CSV’s simplicity is also its limitation. There’s no standard way to indicate data types (is “100” a number or text?), handle values containing commas, or represent nested structures. Various dialects exist with different quoting rules and delimiters, which can cause compatibility issues.
2.2.2 JSON: Structured Data as Text
JSON (JavaScript Object Notation) represents structured data with nested objects and arrays. It’s become the standard format for web APIs and configuration files.
config.json
{
"project": "sales-analysis",
"database": {
"host": "localhost",
"port": 5432,
"name": "sales_db"
},
"output_formats": ["csv", "parquet"],
"debug": false
}JSON can represent hierarchical data that would be awkward in CSV. It explicitly distinguishes between strings ("text"), numbers (42), booleans (true/false), arrays ([]), and objects ({}). This type information makes parsing more reliable.
2.2.3 YAML and TOML: Configuration Files
YAML and TOML are both used for configuration files, settings that control how programs behave. They prioritize human readability over machine efficiency.
config.yaml
project: sales-analysis
database:
host: localhost
port: 5432
name: sales_db
output_formats:
- csv
- parquet
debug: falseconfig.toml
[project]
name = "sales-analysis"
[database]
host = "localhost"
port = 5432
name = "sales_db"
[output]
formats = ["csv", "parquet"]
[settings]
debug = falseYou’ll encounter YAML in Quarto document headers and many DevOps tools. TOML appears in Python project configuration (pyproject.toml) and Rust’s Cargo system. Both are easy to read and edit by hand.

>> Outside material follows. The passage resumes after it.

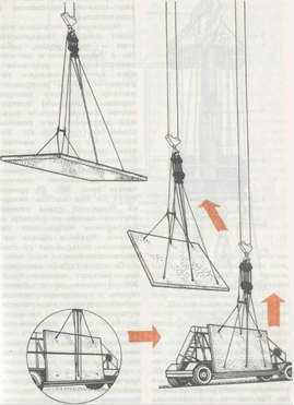 Переконавшись в надійності стропування, він відходить у безпечну зону і дає команду підняти панель. Машиніст крана плавно піднімає плиту.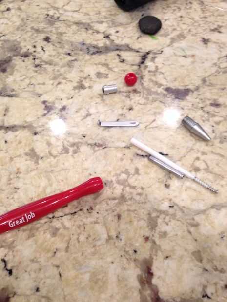Primero que desea desarmar el bolígrafo por lo que sólo tiene el cuerpo. Usted quiere asegurarse de que el centro del cuerpo tiene un gran agujero.

2.2.4 Markdown: Documentation as Text
Markdown (.md) is a lightweight way to add formatting to plain text. The text remains readable without any special viewer, but tools can render it with headers, bold text, lists, and links.
README.md
# Project Title
This project analyzes **sales data** to identify trends.
## Getting Started
1. Install dependencies
2. Configure the database connection
3. Run the analysis script
See [documentation](docs/guide.md) for details.This book is written in Markdown (specifically, Quarto’s extended Markdown). When you write documentation for your projects, and you will, Markdown is the standard choice.
2.2.5 Excel: The Enterprise Reality
Microsoft Excel files (.xlsx) are ubiquitous in business environments. Despite being binary, they’re worth understanding because you’ll inevitably receive data in this format.
An .xlsx file is actually a ZIP archive containing XML files that describe the spreadsheet’s content, formatting, and formulas. This complexity means Excel files:
- Support multiple worksheets in one file
- Can contain formatting, formulas, charts, and images
- Are harder to version control or process programmatically
- Sometimes contain hidden surprises (embedded objects, macros)
When possible, prefer exporting data from Excel to CSV for analysis. When you must work with Excel files directly, Python libraries like openpyxl can help.
2.2.6 Parquet: The Analytics Format
Parquet is a columnar binary format designed for analytical workloads. Unlike CSV (where data is organized by rows), Parquet stores data by columns, which allows for efficient compression and fast queries that only need certain columns.
You can’t open Parquet files in a text editor, but tools like DuckDB and Python’s pandas/polars can read them efficiently. For large datasets, Parquet offers dramatic performance improvements over CSV.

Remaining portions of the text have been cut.